From part 1, I was learning system design with Amazon Q using a URL shortener problem. Part 1 was about something invisible but very important. Learning how to ask better questions before jumping into architecture.
Now we move into the engineering side.
I am still using Amazon Q like an interviewer. I answer as a candidate. I give my solution. If my thinking is weak, it corrects me. If something is missing, it pushes me to think deeper. We go back and forth until the idea becomes stronger.
Today’s main focus is:
How do we generate short URLs that can scale to billions of users?
If we design this wrong now, later we might need heavy changes in application logic. So I want something that works long term.
There are two types of short URLs in our design.
Custom URL.
Auto generated URL.
Let me start with custom.
Custom URL is mostly for premium users. For example someone wants short.url/google or short.url/cloudwithalon.
But here I realized something. Anyone can try to create popular names and redirect them to any site. That can create misuse and brand problems.
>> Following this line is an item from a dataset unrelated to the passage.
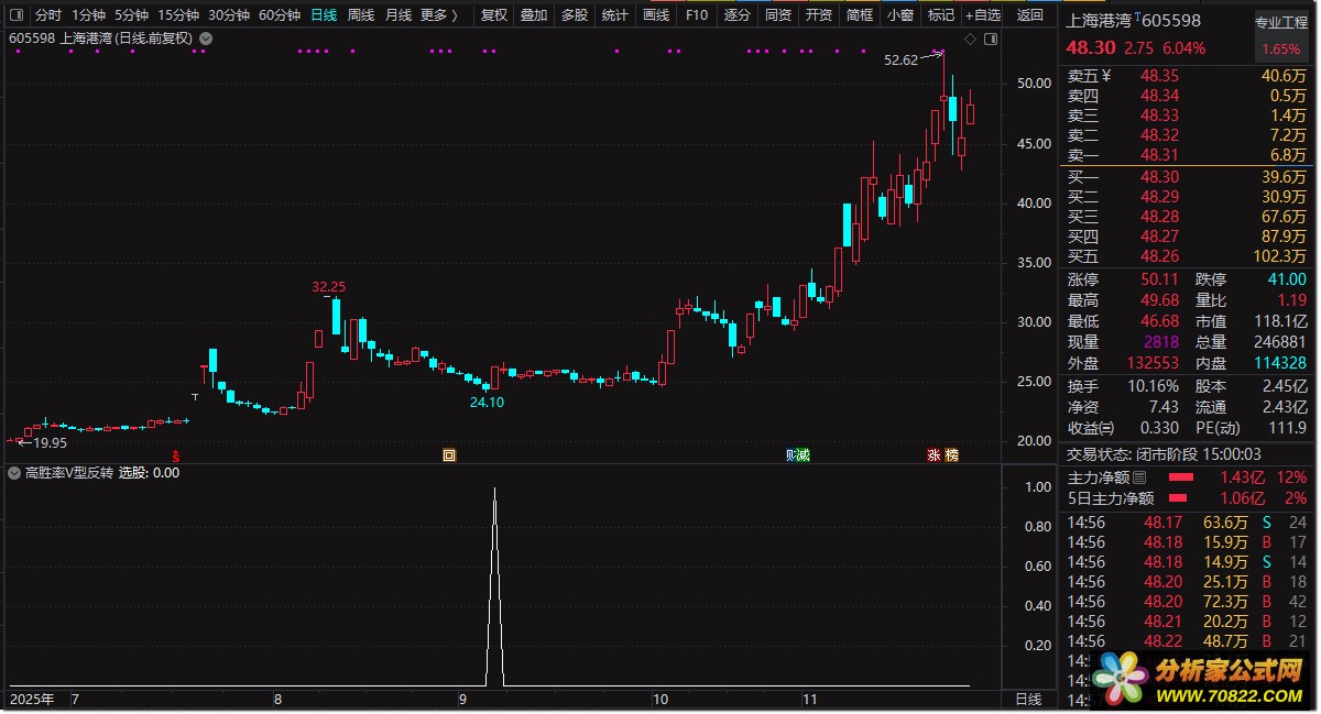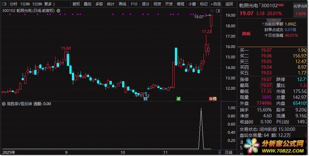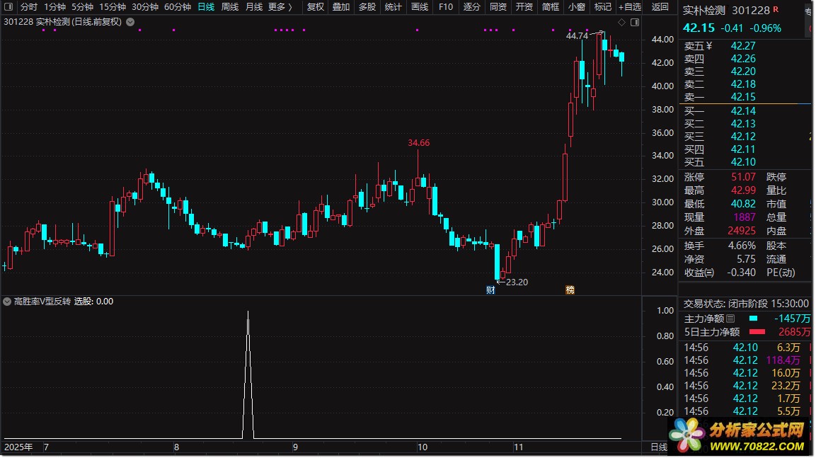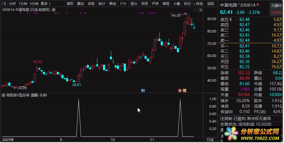 〖高胜率V型反转〗Deepseek V3.1 高胜率V型反转选股策略 核心借鉴胜率超80%策略(如MACD多周期背离87.69%、乾坤资金副图71.04%、抄底C浪主图84.07%)的共性: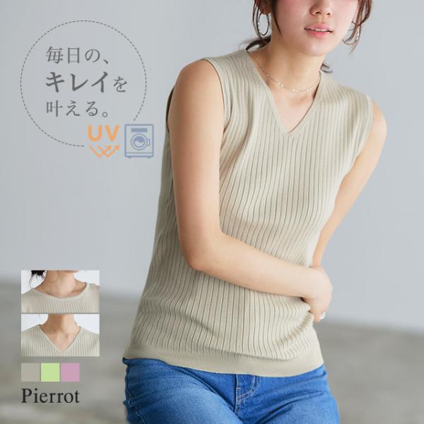 サマーニット ニット ノースリーブ リブニット UVカット 白 レディース 機能性 夏 春 MD OS

So I suggested maybe we can use an open source dataset if one exists, or maintain our own reserved keywords list, starting small and growing it over time.
Then we moved to auto generated URLs.
This is where I got stuck for a long time.
The big question was how do we generate unique short IDs that scale to billions with no collision.
My first thoughts were random string generators or hashing the original URL. But I remembered collisions can happen.
Even if rare, at billion scale rare is not rare anymore.
I was not fully confident in my answer. Then Amazon Q introduced counter based string generation.
Instead of random, we use a counter and then encode it.
That means we use increasing numbers like 12, 13, 14 for each auto generated URL and then convert them into Base64.
Example:
12 encoded in Base64 becomes MTIK
13 encoded in Base64 becomes MTMK
And so on.
10,000,000,000 encoded in Base64 becomes MTAwMDAwMDAwMDAK
Even if we reach ten billion URLs, the encoded value is still 16 characters, which is compact and unique.
That was a shift for me.
Instead of hoping values do not collide, we guarantee uniqueness because each number is unique.
But then new questions came.
Where does this counter live?
What type of database do we need?
What should the API look like?
If we have multiple servers, how do they coordinate?
At this point, I realized generating the short URL is not the real problem.
Making it work in a distributed environment is the real challenge.
Now we move into application and database scaling.
I am still thinking through this part and discussing it with Amazon Q. I will continue this in the next part once I feel more clear.
Growing into a better cloud architect everyday.
Alon